On December 7, 2017, EPA administrator Scott Pruitt announced an approach to New Source Review (NSR) applicability that supports presidential priorities for streamlining permit requirements: “New Source Review Preconstruction Permitting Requirements: Enforceability and Use of the Actual-to-Projected-Actual Applicability Test in Determining Major Modification Applicability.” (It is obviously not a presidential priority to streamline the titles of EPA memoranda.)
The new approach interprets existing regulatory provisions and NSR Reform commentary to afford sources more discretion and self-governance over pre-project emissions calculations, specifically the actual-to-projected actual math. For example, under EPA’s newly announced interpretation of 40 CFR §52.21(b)(4)(41)(ii), a calculation of projected actual emissions can include a source’s “intent to actively manage future emissions from the project on an ongoing basis to prevent a significant emission increase or a significant net emissions increase from occurring.” EPA concludes that the owner or operator’s intent to manage emissions after the project is “relevant information” that can be considered along with other relevant information in the projection. This approach affords owners and operators more latitude than was accepted under previous EPA interpretations, to apply post project intentions to “manage” emissions.
Departing from EPA’s well known disregard for the excludable emissions portion of an applicability calculation, EPA’s new approach provides rare affirmation for the demand growth exclusion and for reducing projected actual emissions by excludable emissions. EPA recognizes emissions increases may be caused by multiple factors and cautions sources to exercise judgment to exclude increases “for which the project is not the ‘predominant cause’” citing 45 Fed. Reg. 32327 (1992). Validation of the excludable emissions element of the applicability calculation and discretion to consider how emissions may be actively managed to prevent significant increases breathe new life into NSR applicability math.

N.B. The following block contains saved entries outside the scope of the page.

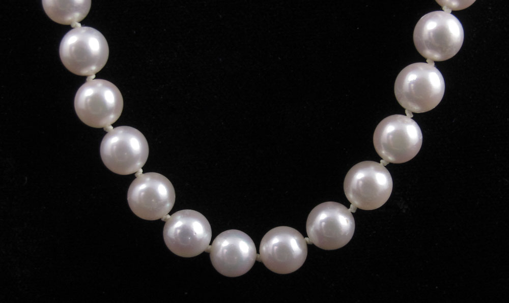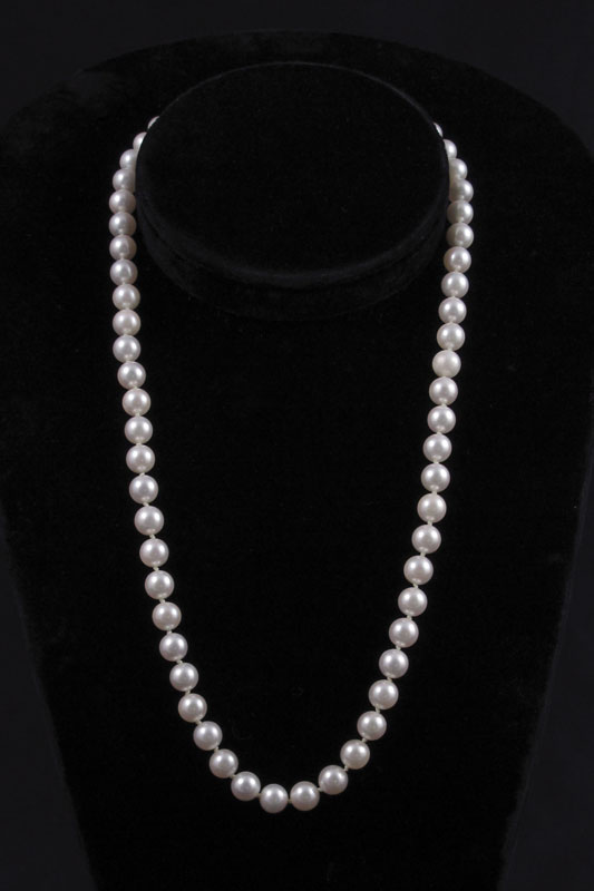 18'' STRAND OF 6.8MM CULTURED PEARL NECKLACE: Double knotted, 14k gold clasp, some loss of nacre.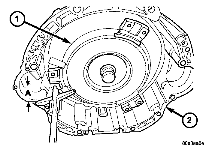 8. Check converter seating with a scale and straightedge (A). Surface of converter lugs should be at least 19 mm (3/4 inch) to rear of straightedge when converter is fully seated.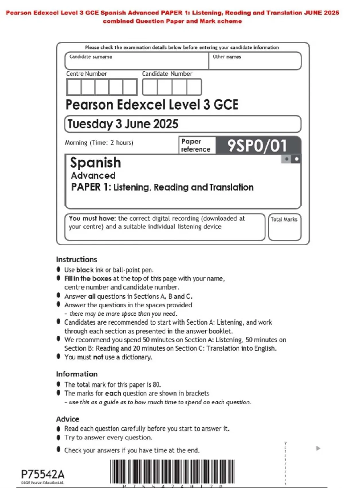 Pearson Edexcel Level 3 GCE Spanish Advanced PAPER 1: Listening, Reading and Translation JUNE 2025 combined Question Paper and Mark scheme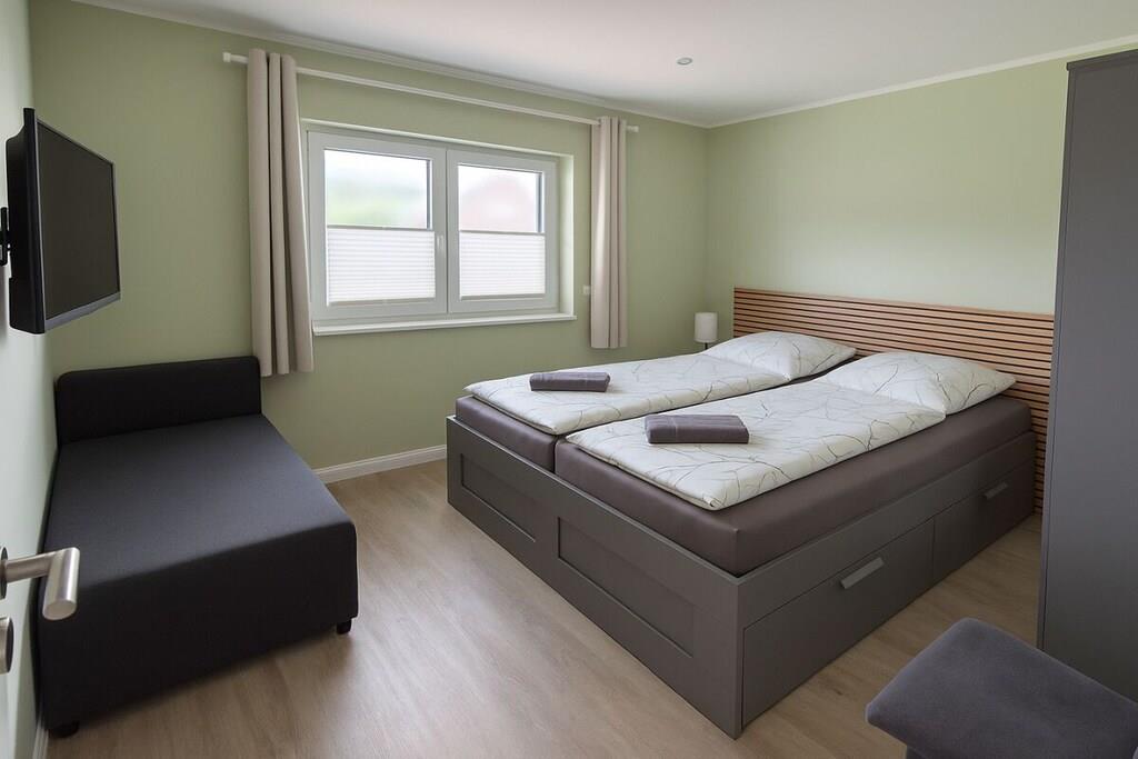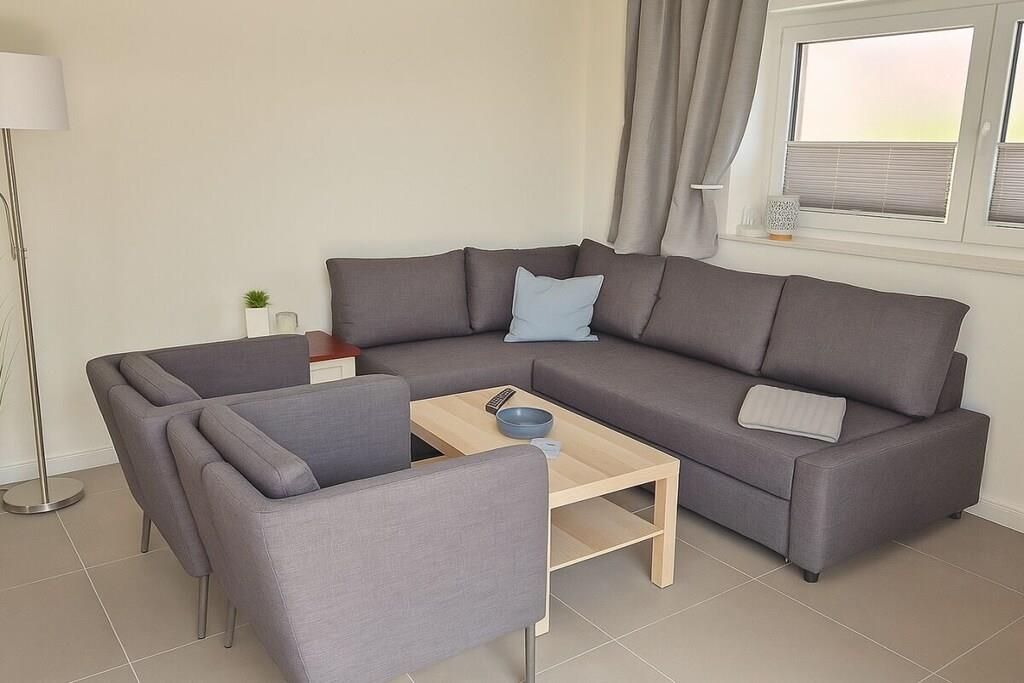 Denne kærligt møblerede lejlighed tilbyder rigelig plads til familier eller små grupper. Den har to separate soveværelser: et med en dobbeltseng og en ekstra sovesofa, og det andet med to enkeltsenge – ideelt til børn. En yderligere sovesofa er tilgængelig i stuen, der komfortabelt rummer op til seks personer. Den rummelige opholdsstue inviterer dig til at slappe af og tilbyder et komfortabelt siddeområde, en spiseplads og adgang til det fuldt udstyrede køkken. Det moderne badeværelse har både bruser og badekar.

EPA also offers a refreshing self-governance approach to NSR compliance. EPA states that there is “no mechanism for agency review of procedurally compliant emissions projections” and EPA does not intend to “substitute its judgment for that of the owner or operator by ‘second guessing’” the emissions projections. The Clean Air Act provides “ample authority to enforce the major NSR requirements” if projects result in significant emissions increases; sources need not obtain approval of pre-project NSR applicability analyses before construction. Now that’s streamlining and burden reducing that sharply contrasts with EPA’s frequent second guessing, recalculating, and revising of sources’ emissions projections.
So long as owners and operators conform to the record keeping, reporting and notification requirements of the “reasonable possibility” provisions, EPA intends to focus on the actual emissions recorded during the 5 or 10 year post-project period to evaluate enforcement, and does not plan to initiate enforcement unless post-project actual emissions reveal a significant (or significant net) emissions increase.
EPA’s refreshed approach responds to ongoing litigation in U.S. v DTE Energy Co., 711 F.3d 643 (6th Cir 2013) and U.S. v DTE Energy Co., 845 F.3d 735 (6th Cir 2017); applies for now pending further agency review of NSR generally; and does not necessarily apply to ongoing enforcement matters that will be considered case-by-case, according to Administrator Pruitt’s memo.
This guidance should apply for now to EPA permitting review and to EPA enforcement decisions. Take caution until it is clear that this guidance will withstand the litigation that environmental activists will likely bring. Be mindful of how state and local implementing agencies incorporate this guidance into their programs. And, as we know, there’s always the whim of a future Administration to reckon with.